This is why leftists across the land were adamantly against Wisconsin becoming a “Right to Work” state: because individuals get to reveal their individual preferences and choose whether to be part of a union (or not), rather than being coerced by the state, and the collectivist unions just can’t have that. The Washington Examiner:

More than two years after Scott Walker’s showdown with organized labor in Wisconsin, the official numbers for the state’s public sector union membership are in — and they are down. Way down.

According a Labor Department filing made last week, membership at Wisconsin’s American Federation of State, County and Municipal Employees Council 40 — one of AFSCME’s four branches in the state — has gone from the 31,730 it reported in 2011, to 29,777 in 2012, to just 20,488 now. That’s a drop of more than 11,000 — about a third — in just two years. The council represents city and county employees outside of Milwaukee County and child care workers across Wisconsin.

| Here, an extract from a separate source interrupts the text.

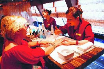 美妙的下水禮只演一場,不過歡樂的場面,每天都在船上上演。負責唱歌跳舞的工作人員,天天都像開心小跳豆般,在甲板帶客人跳舞——記者數月前在“耀目號”上見識過的熱爆氣氛,在“至臻號”上重演。像地中海陽光般的熱情開朗,才是最令客人難忘的意大利氣質。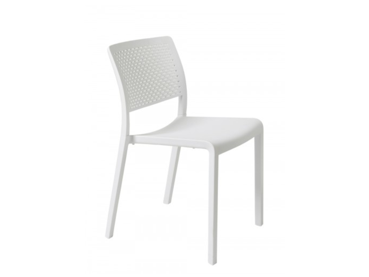 El respaldo de una silla es la parte que más se percibe en un espacio. Trama está dotada de una transparencia óptica que le quita peso tanto física como visualmente creando un ambiente singular en un espacio con gran número de sillas. Al mismo tiempo estas perforaciones en el respaldo lo hacen transpirable.

Labor Department filings also show that Wisconsin’s AFSCME Council 48, which represents city and county workers in Milwaukee County, went from 9,043 members in 2011, to 6,046 in 2012, to just 3,498 now.

These numbers come from the locals’ LM-2 filings, annual reports they must make to Labor Department. They can be found here.

They show why the state worker unions and their liberal allies fought such a protracted, bitter battle in 2011 over Republican Gov. Scott Walker’s changes to the state’s labor laws. Under the old laws, state employees were obligated to pay dues to a union even if that worker didn’t want to belong to a union. Walker changed that to allow state workers to opt out of paying those dues. He also required unions to submit to an annual re-certification vote. Without those requirements, the unions have found it much harder to retain members.

Once the state can no longer force workers to pay union dues whether they wish to belong to the union or not, many of these workers (in some cases most of them) choose to tell the union to fuck off. Unions rely on state coercion; you either pay union dues or seek employment in some other non-unionized sector. If you’re an employer, you either hire union workers, or move elsewhere. Without state sponsored coercion, unions will wither and die (just as they should), and they can’t allow their partnership with the state be co-opted by the pesky individuals who would choose to have the union pound sand and stay the fuck out of their paycheck.